What this task involves
All the lines below should be set down exactly, with no picture carried into the copy.

Information shown
=== Begin Enclosure ===
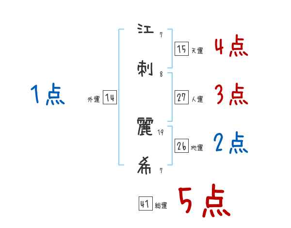 江刺麗希さんの画数の鑑定結果
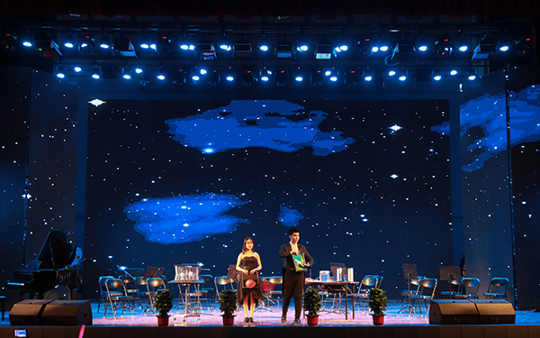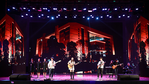 联欢会不知不觉来到中场,现场气氛愈发欢庆热烈,歌曲《从无到有》动听深情,将千般情怀娓娓道来。柔力球表演《大鱼海棠》背景唯美动人,表演者身姿矫健,似在演绎一段令人难忘的回忆。女生小合唱《我只在乎你》巧妙地通过与海内外校友的视频连线展示出广大校友祝福母校、思念母校的游子情怀,令人感动。说唱节目《马克思是个90后》充分展示了90后一代人的青春活力和不俗才艺。令人愉悦的服装表演节目《成长》里既有老师和学生,还有天真可爱的小朋友,老师们换上华丽的服饰行走在舞台上,展现出别样的风采;学生们身着美丽的服装走秀,自信从容得如同职业模特;孩子们经过精心打扮,萌萌的出现在了舞台上,可爱如同嫩芽正和风生长。教职工的歌曲联唱《绒花》,字正腔圆,勾起了人们各自的过往。令人匪夷所思的魔术节目,让人惊喜、惊奇。管弦乐合奏《我的祖国》荡气回肠,特别是二胡响起的时候,真切表现出了轻大学子热爱祖国的深沉悠长。新年就要到了,春天的脚步正在临近,舞蹈《春之声》舞姿优美,舞韵翩飞,让观众产生对春日的向往和对春景的陶醉。雄浑刚健的音律响起,师生共歌一曲《轻大颂》,唱出了轻大的磅礴气势和轻大人的奋斗者情怀。
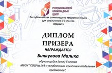 Получили дипломы Республиканской очной олимпиады "Эрудит" по татарскому языку. Поздравляем Биккулову Малику (5в класс) и учителя Макарову И.А.
=== End Enclosure ===
Result for this task
 江刺麗希さんの画数の鑑定結果
 联欢会不知不觉来到中场,现场气氛愈发欢庆热烈,歌曲《从无到有》动听深情,将千般情怀娓娓道来。柔力球表演《大鱼海棠》背景唯美动人,表演者身姿矫健,似在演绎一段令人难忘的回忆。女生小合唱《我只在乎你》巧妙地通过与海内外校友的视频连线展示出广大校友祝福母校、思念母校的游子情怀,令人感动。说唱节目《马克思是个90后》充分展示了90后一代人的青春活力和不俗才艺。令人愉悦的服装表演节目《成长》里既有老师和学生,还有天真可爱的小朋友,老师们换上华丽的服饰行走在舞台上,展现出别样的风采;学生们身着美丽的服装走秀,自信从容得如同职业模特;孩子们经过精心打扮,萌萌的出现在了舞台上,可爱如同嫩芽正和风生长。教职工的歌曲联唱《绒花》,字正腔圆,勾起了人们各自的过往。令人匪夷所思的魔术节目,让人惊喜、惊奇。管弦乐合奏《我的祖国》荡气回肠,特别是二胡响起的时候,真切表现出了轻大学子热爱祖国的深沉悠长。新年就要到了,春天的脚步正在临近,舞蹈《春之声》舞姿优美,舞韵翩飞,让观众产生对春日的向往和对春景的陶醉。雄浑刚健的音律响起,师生共歌一曲《轻大颂》,唱出了轻大的磅礴气势和轻大人的奋斗者情怀。
 Получили дипломы Республиканской очной олимпиады "Эрудит" по татарскому языку. Поздравляем Биккулову Малику (5в класс) и учителя Макарову И.А.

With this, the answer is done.